▶ The problem
Having found the line containing "Tennis stars had an ace time!" in the records below, copy that line and each later one exactly, dropping pictures.

▶ Source material

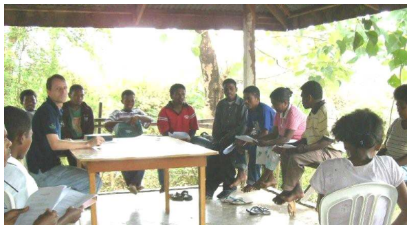
Meeting with the Ayta MagIndi Bible Translation Committee in February

Lord, we rejoice to see Your Ayta people rising up to translate Your Word into their own languages so that other Aytas will hear Your Word, understand its truth, and worship You.
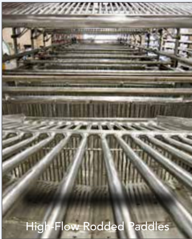
High-Flow Rodded Paddles
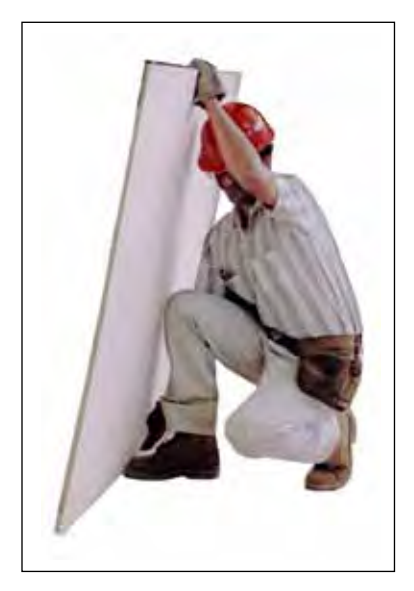
Bend at knees, keeping back upright. Slip free hand under sheet.

Use a carrying handle to move sheet material a distance.
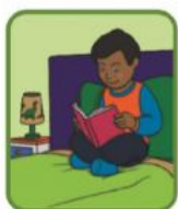
Read your library book
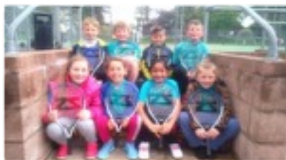
Tennis stars had an ace time!
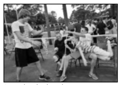
Campers and counselors joke around

The camp is completely free for boys and girls in the state. Louisiana Lions cover the costs, and many clubs sponsor local children for whatever additional cost it might take to get them to camp. Clubs also
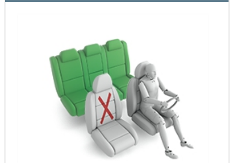
Römer King II LS (Belt)
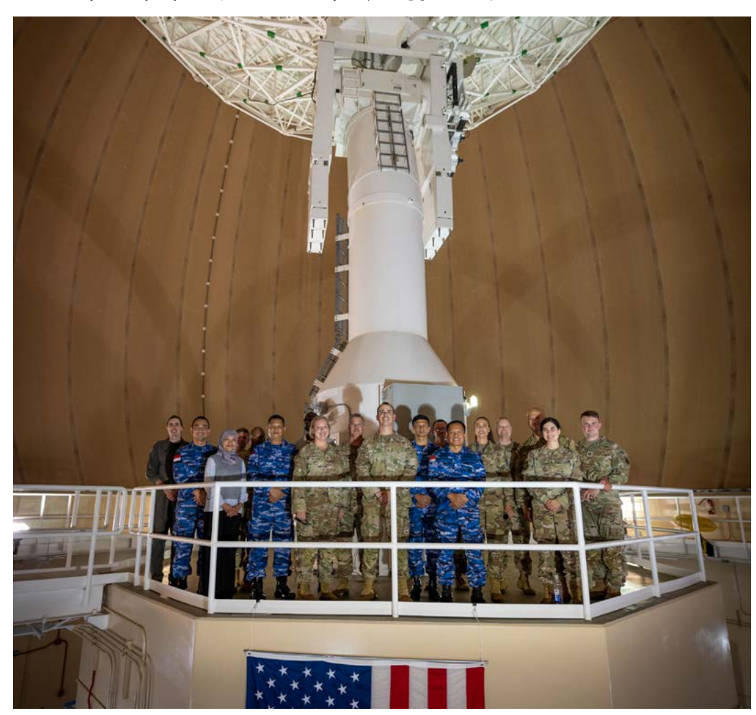
Participants of the Vulcan Guard Bolt-7 Space Subject Matter Expert Exchange receive a tour of the Ka'ena Point Space Force Station during the first Vulcan Guard Bolt-7 Space Subject Matter Expert Exchange on Sept. 16, 2024, at Ka'ena Point, Hawai'i. During the tour, the 21st Space Operations Squadron, Detachment 3, provided a mission brief, followed by an inspection of the Ring Beam Concentrator antenna. This National Guard-led exercise enables partner nations to engage in specialized space training, enhancing their operational readiness in simulated space domain scenarios.
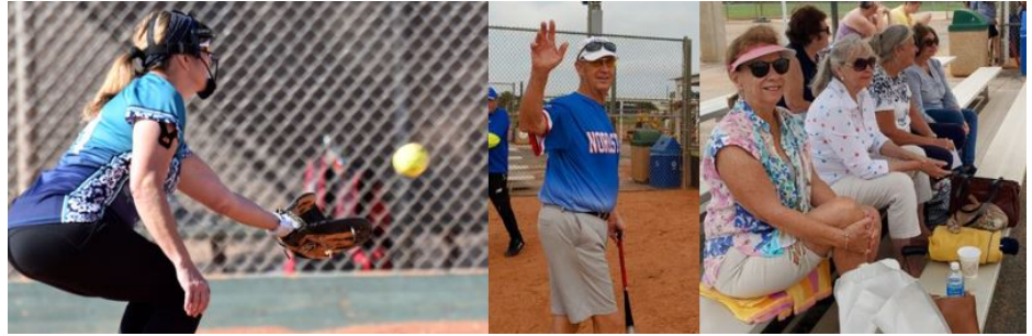
The 2024 Winter National and Winter World Championships Kick Off the SSUSA 2025 Season.
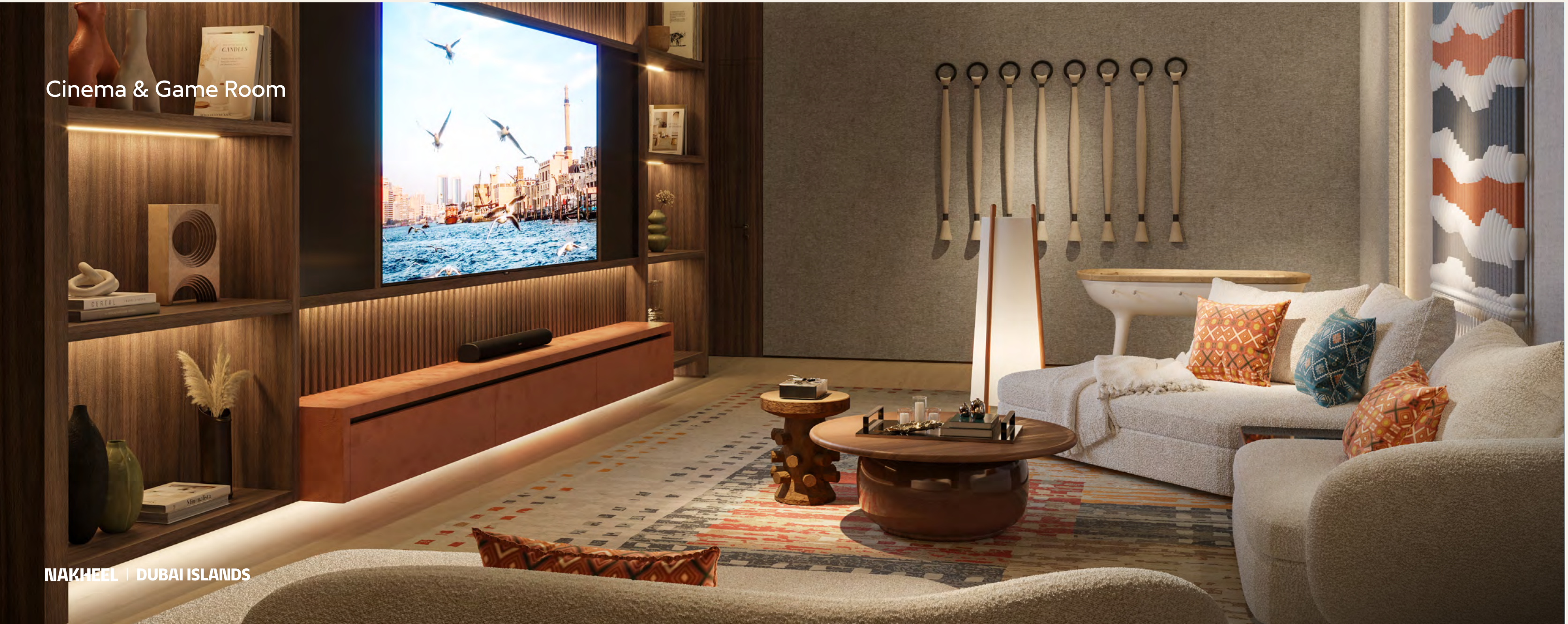
Cinema & Game Room

Adjacent to it, the cinema room provides a cosy retreat for movie nights, private bookings, or casual get-togethers.

▶ Answer below
Tennis stars had an ace time!
Campers and counselors joke around

The camp is completely free for boys and girls in the state. Louisiana Lions cover the costs, and many clubs sponsor local children for whatever additional cost it might take to get them to camp. Clubs also
Römer King II LS (Belt)
Participants of the Vulcan Guard Bolt-7 Space Subject Matter Expert Exchange receive a tour of the Ka'ena Point Space Force Station during the first Vulcan Guard Bolt-7 Space Subject Matter Expert Exchange on Sept. 16, 2024, at Ka'ena Point, Hawai'i. During the tour, the 21st Space Operations Squadron, Detachment 3, provided a mission brief, followed by an inspection of the Ring Beam Concentrator antenna. This National Guard-led exercise enables partner nations to engage in specialized space training, enhancing their operational readiness in simulated space domain scenarios.
The 2024 Winter National and Winter World Championships Kick Off the SSUSA 2025 Season.
Cinema & Game Room

Adjacent to it, the cinema room provides a cosy retreat for movie nights, private bookings, or casual get-togethers.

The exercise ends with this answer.